I've heard that the ISP I use (TalkTalk, I'm from the uk) stops you from using certain routers...is this a possibility?


----------



## Old Rich (May 31, 2007)

*Re: Cannot connect to the Internet (Belkin F5D9630-4 wireless router)*

I don't have a clue . . have you tried using IE?

Hold the *Windows* key and press *R*, then type *CMD* (*COMMAND* for W98/WME) to open a command prompt:

Type the following commands on separate lines, following each one with the *Enter* key:

PING 74.125.45.100

PING yahoo.com

Post the result here


----------



## kurdt2k (Aug 22, 2011)

*Re: Cannot connect to the Internet (Belkin F5D9630-4 wireless router)*

IE doesn't work either 

Here's my cmd output:

_Microsoft Windows [Version 6.1.7600]
Copyright (c) 2009 Microsoft Corporation. All rights reserved.
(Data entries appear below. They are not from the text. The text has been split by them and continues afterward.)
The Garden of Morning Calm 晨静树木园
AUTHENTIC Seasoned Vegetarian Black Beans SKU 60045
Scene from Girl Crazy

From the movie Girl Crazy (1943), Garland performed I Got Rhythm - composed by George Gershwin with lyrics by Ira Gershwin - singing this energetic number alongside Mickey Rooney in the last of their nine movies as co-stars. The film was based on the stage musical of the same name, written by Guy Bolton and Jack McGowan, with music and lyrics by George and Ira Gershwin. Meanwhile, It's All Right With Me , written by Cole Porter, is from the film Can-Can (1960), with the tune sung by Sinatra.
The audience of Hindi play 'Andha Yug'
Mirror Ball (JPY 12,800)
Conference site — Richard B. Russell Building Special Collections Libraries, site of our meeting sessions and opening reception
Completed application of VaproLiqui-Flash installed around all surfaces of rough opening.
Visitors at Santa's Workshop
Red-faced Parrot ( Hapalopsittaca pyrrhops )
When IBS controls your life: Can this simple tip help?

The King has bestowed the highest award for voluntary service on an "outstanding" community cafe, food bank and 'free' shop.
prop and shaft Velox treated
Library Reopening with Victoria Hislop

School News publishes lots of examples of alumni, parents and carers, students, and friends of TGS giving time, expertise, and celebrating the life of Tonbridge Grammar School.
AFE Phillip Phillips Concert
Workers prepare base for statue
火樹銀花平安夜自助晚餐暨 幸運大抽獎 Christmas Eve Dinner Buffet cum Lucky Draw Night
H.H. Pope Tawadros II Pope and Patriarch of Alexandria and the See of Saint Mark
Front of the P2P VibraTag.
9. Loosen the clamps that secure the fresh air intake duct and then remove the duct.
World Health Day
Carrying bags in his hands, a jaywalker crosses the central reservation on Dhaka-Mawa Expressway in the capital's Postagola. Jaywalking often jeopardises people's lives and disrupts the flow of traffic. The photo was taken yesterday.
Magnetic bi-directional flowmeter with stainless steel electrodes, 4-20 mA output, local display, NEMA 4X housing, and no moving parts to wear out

C:\Users\JPD>ping 74.125.45.100

Pinging 74.125.45.100 with 32 bytes of data:
Reply from 192.168.2.1: Destination net unreachable.
Request timed out.
Reply from 192.168.2.1: Destination net unreachable.
Request timed out.

Ping statistics for 74.125.45.100:
Packets: Sent = 4, Received = 2, Lost = 2 (50% loss),

C:\Users\JPD>ping yahoo.com
Ping request could not find host yahoo.com. Please check the name and try again.
_


----------



## Old Rich (May 31, 2007)

*Re: Cannot connect to the Internet (Belkin F5D9630-4 wireless router)*

That router may have failed . . the ping to it fails . . can you try another one?


----------



## kurdt2k (Aug 22, 2011)

*Re: Cannot connect to the Internet (Belkin F5D9630-4 wireless router)*

I can access the router with my browser though with 192.168.2.1. Doesn't this mean the router is working?
If I use my original router (the one I am trying to replace) I can connect. That is how I'm talking to you


----------



## Old Rich (May 31, 2007)

*Re: Cannot connect to the Internet (Belkin F5D9630-4 wireless router)*

I would leave the original one online . . something is wrong with the other one.. If it does not respond to a ping, it is not working right


----------



## kurdt2k (Aug 22, 2011)

*sigh* 

Ok, thanks for your help


----------



## Old Rich (May 31, 2007)

*Re: Cannot connect to the Internet (Belkin F5D9630-4 wireless router)*

You are welcome


----------